The privileged elite. Religious conflicts as well: she does not practice catholicism but
she has a personal crisis and goes back to the church, where she finds that many of the
priests’ names are Irish, so we confirm that the church is catholic. We see here the conversion
of the indigenous people. She meets a young man who is panthagostal and for her he looks
like a religious fanatic.
- American campus.
- Nigerians that go to these universities will be very successful in Nigeria.
- Colonial patronage.
- Hegemony, people are willing to do it in order to improve their life conditions.
- Problem with the visa, his own visa has expired and he can be expelled.
- Inspectors to check papers, they are immediately returned to the country.
- Risks entailed in this experience.
- Religious conflict, the protagonist is not very religious, she does not practice her
Catholicism but she has a personal crisis because her boyfriend has left her and she
goes to a Catholic church. The young man the she meets is Pentecost. Very curious
combination.
➔ 2nd passage:
- Earlier in the story we were informed that he husband comes from a family with many
miscarriages, but the blame is on the woman. They relate infertility to guilt.

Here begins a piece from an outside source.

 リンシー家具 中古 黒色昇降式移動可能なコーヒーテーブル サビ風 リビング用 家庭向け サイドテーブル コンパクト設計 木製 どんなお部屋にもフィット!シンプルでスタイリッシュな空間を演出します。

- Polygamy – she cannot have children and their cousins suggest the husband to look
for a second wife. Polygamy as pre-colonial practice. Example of how polygamy was
a common practice in Africa before the arrival of the colonizers.
- The wife is very submissive, she accepts the polygamous situation, she is willing to
look for a second wife and she also accepts the cousins even though she doesn’t like
them. Very submissive wives' in the pre-colonial situation.

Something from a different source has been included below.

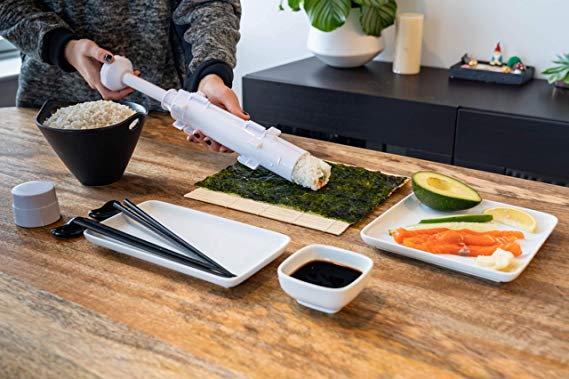 helps you make perfect rolls with absolutely minimal effort on your part. Simply fill the tube with rice and your ingredients, then slowly push down the cylinder onto a nori roll and wrap! You can now enjoy restaurant-style sushi that looks and tastes the part from the comfort of your home! Buy: Sushi Bazooka $14.99

- Little sorority between women. Women talk about her, blaming her.
➔ 3rd passage:
- We see the class distinctions, Adichie in presenting this pre-colonial society is not
idealizing it because of the critics against patriarchy, very clear presentation of social
discrimination of descendants of slaves.
- Arrival of colonizers, traders that do trade but also bring guns. Later we see that they
are missionaries too. Effect that the arrival is going to have on the population.
➔ 4th passage:
- Patriarchal society in which again in which the one who have responsibility is the
wife.
- Superstition works, she has the baby that she wants.
- If they suspect the husband is the one with the problem for reproduction then wives
will take lovers, even if they do that the purpose is not to blame their husband and not
to carry the blame themselves. Then the husband can officially marry other women
but the wife cannot in order to guarantee reproduction – patriarchal society.
➔ 5th passage:
- Situation of women that have no children, see themselves in the position of
committing suicide, critic of nativism.
- Pagan society, the earth god.
- Use of poisons.
- We see a society with many internal conflicts.
- The wife is very much aware of the conflicts.
➔ 6th passage:
- The protagonist wants the white men guns to kill the cousins. She wants to have
revenge.
- We clearly see the exploitation, taking the possessions and lands from the natives,
exploitation of properties.
- First references to the schools. How schools are in the hands of colonizers.
- References to slavery.
In exam: Situate the historical moment: the story takes place in post-colonial Nigeria
after the independence (in exam brief reference to the colonial history of the country ex:
British colony from this period to this one.) also identify the main theme of the story and
whether the main theme is affected or not by the colonial experience. Clarify which
information is in the passage and which elsewhere.